Une affaire vient encore de nous le rappeler : le 19 juin 2008 était publiée dans le Figaro une tribune très critique des projets du gouvernement, signée par un groupe d’officiers (parmi lesquels semble-t-il de hauts gradés) anonymement regroupés sous le pseudonyme de Surcouf.
D’après une dépêche de l’agence Reuters du 11 juillet 2008 , l’ancien ministre de la Défense, Hervé Morin, interrogé sur d’éventuelles sanctions envers les auteurs de cette tribune, a fourni une réponse plutôt ambivalente : « Il y a un principe simple. Les militaires ont le droit d’expression depuis la dernière réforme. Mais il y a un cadre, l’obligation de loyauté et le droit (sic) de réserve.

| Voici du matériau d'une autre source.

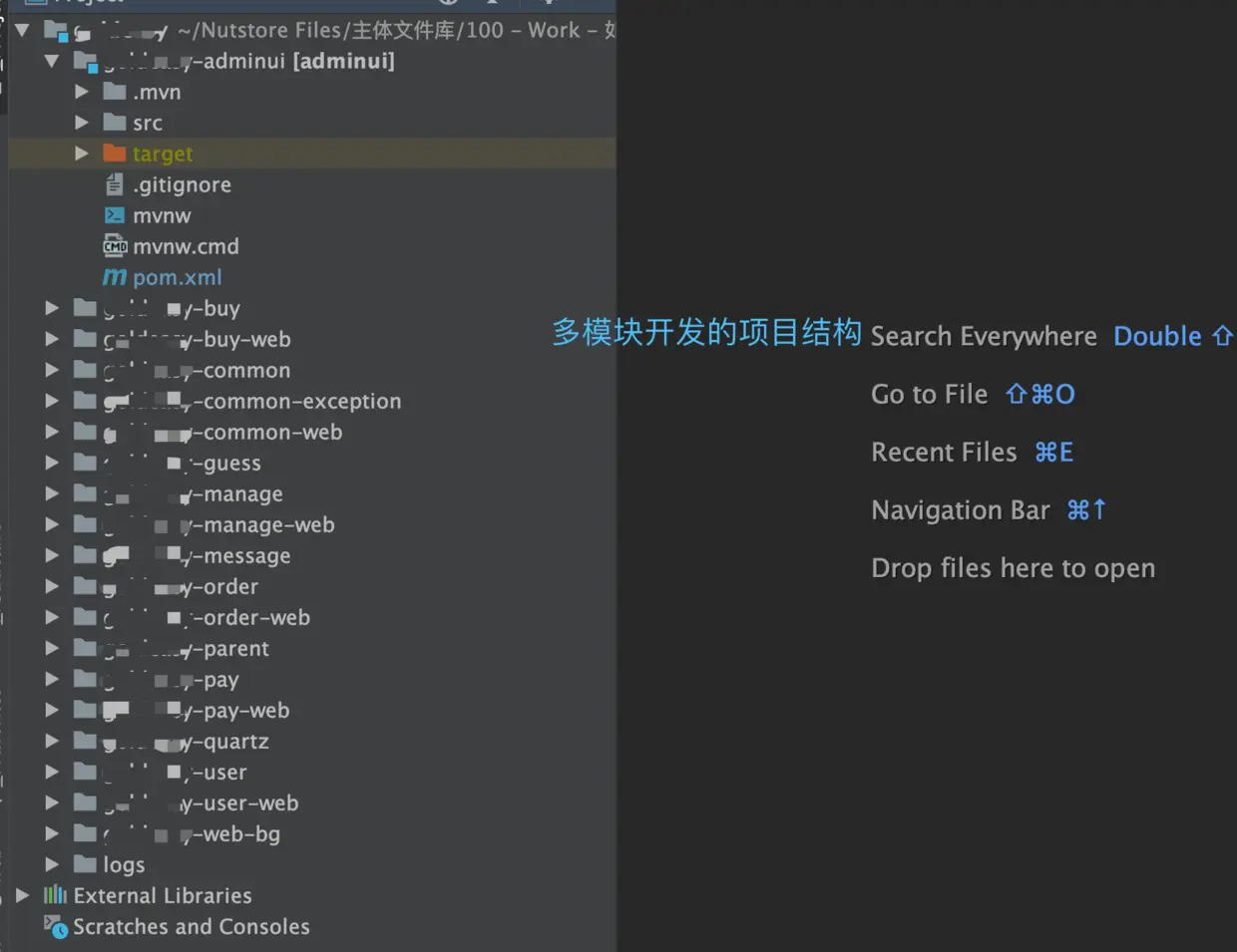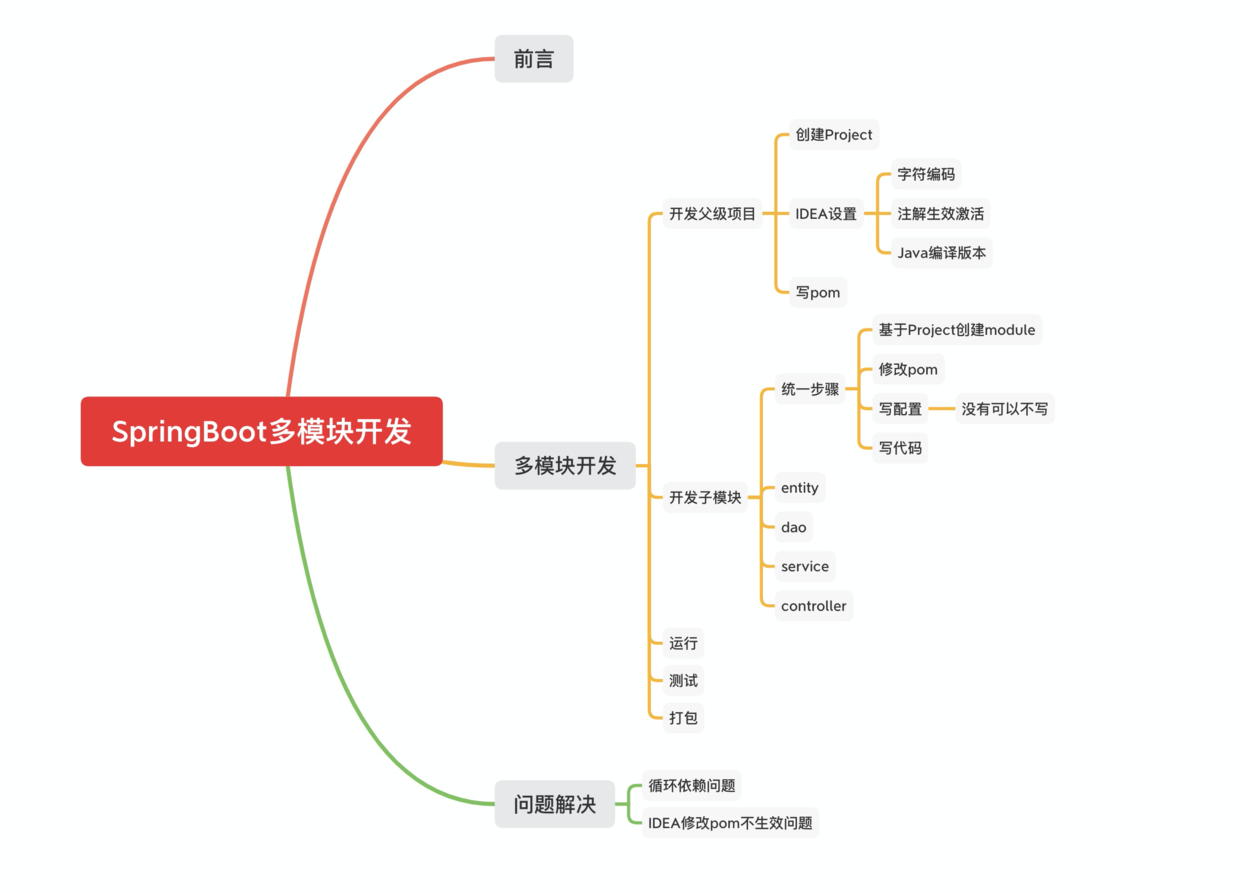 什么是多模块开发?如图所示,项目中每一个包对应都是一个完整的项目,在IDEA中称之为模块,每一个模块都有完整的项目结构:独立的pom文件,独立的配置文件,独立的编译文件输出模块等等。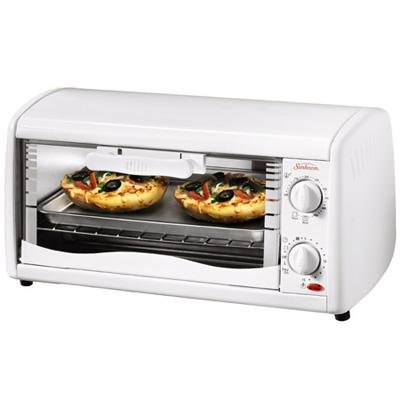 - Sunbeam 4 Slice Toaster Oven features include oven temperature control, baking pan with broiler rac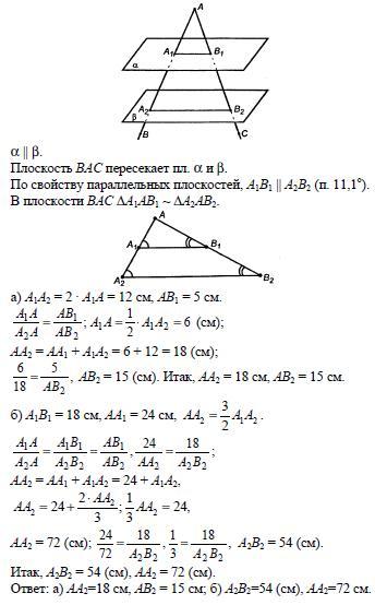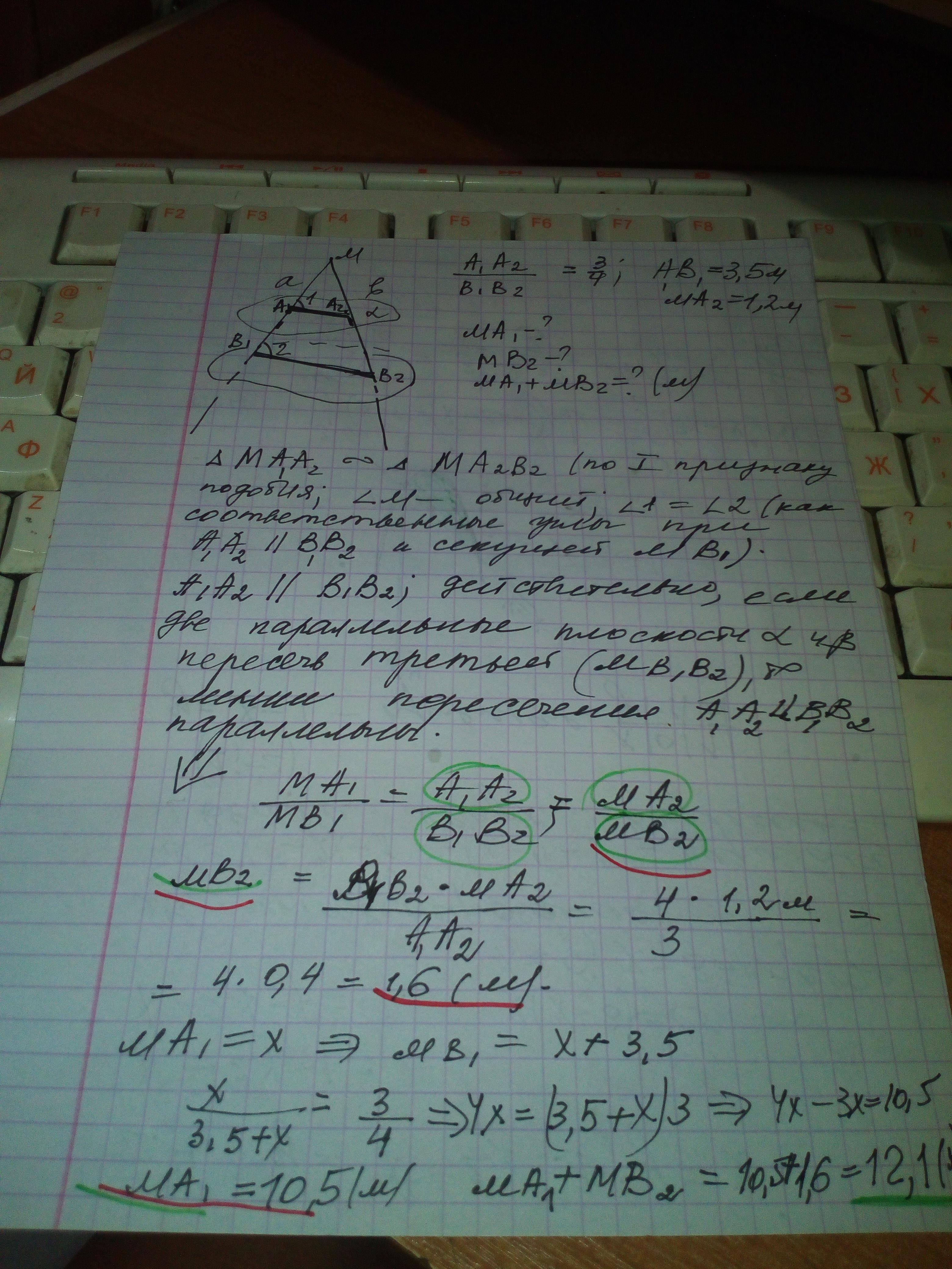 Через точку M проведены две прямые а и b, которые пересекают две параллельные плоскости α и β. Первую в точках A1 и A2, вторую в точках B1 и B2. Найдите MA1 и MB2, если A1A2:B1B2=3:4,A1B1=3,5м, MA2=1,2м. В ответ запишите сумму длин сторон MA1 и MB2 в метрах.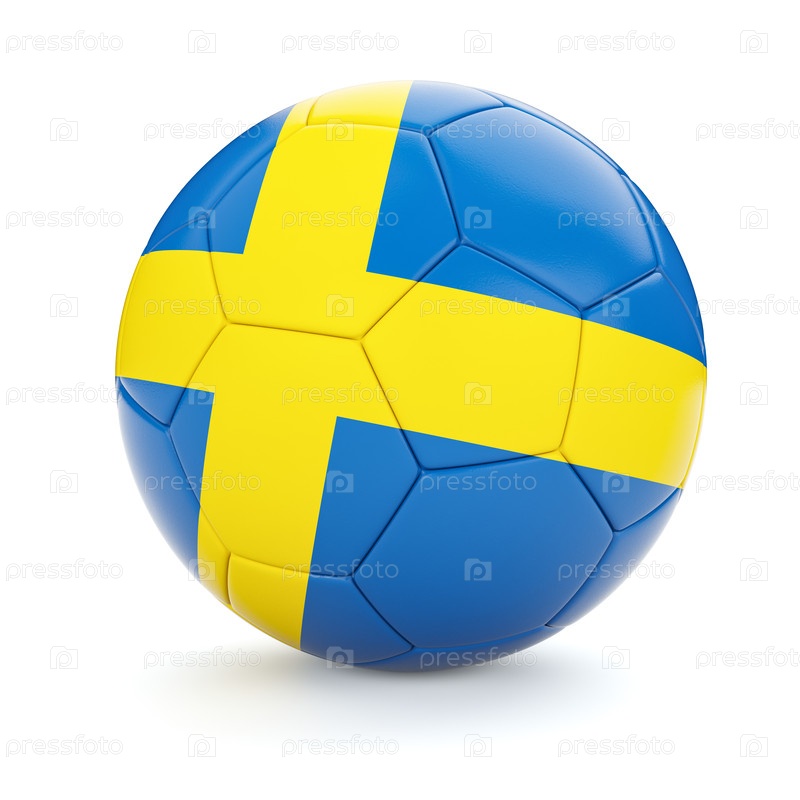 3D-рендеринг шведского футбола со шведским флагом на белом фоне

On verra les choses en fonction de ce cadre-là ». (voir ici)
Comme on peut le constater, le ministre lui-même, concernant des fonctionnaires d’un secteur très sensible (l’armée) et haut placés dans la hiérarchie, commence par reconnaître la prééminence de la liberté d’expression.
Et dans un deuxième temps seulement, il cherche à « cadrer » ce droit fondamental, en invoquant de façon un peu aléatoire deux principes : « l’obligation de loyauté », et un autre principe qu’il nomme « droit de réserve »(sic).
L’absence de référence à un quelconque texte réglementaire précis est ici renforcée par l’approximation qu’il commet : en effet, si le « devoir de réserve » (ou « obligation de réserve ») a été souvent discuté, il n’est jamais réfléchi que comme « devoir » et non comme « droit », son intention étant clairement de protéger l’administration de la libre expression de ses agents, et non pas de protéger l’agent lui-même.
Cette confusion est parfois entendue dans le langage courant, elle n’en est pas moins un non-sens.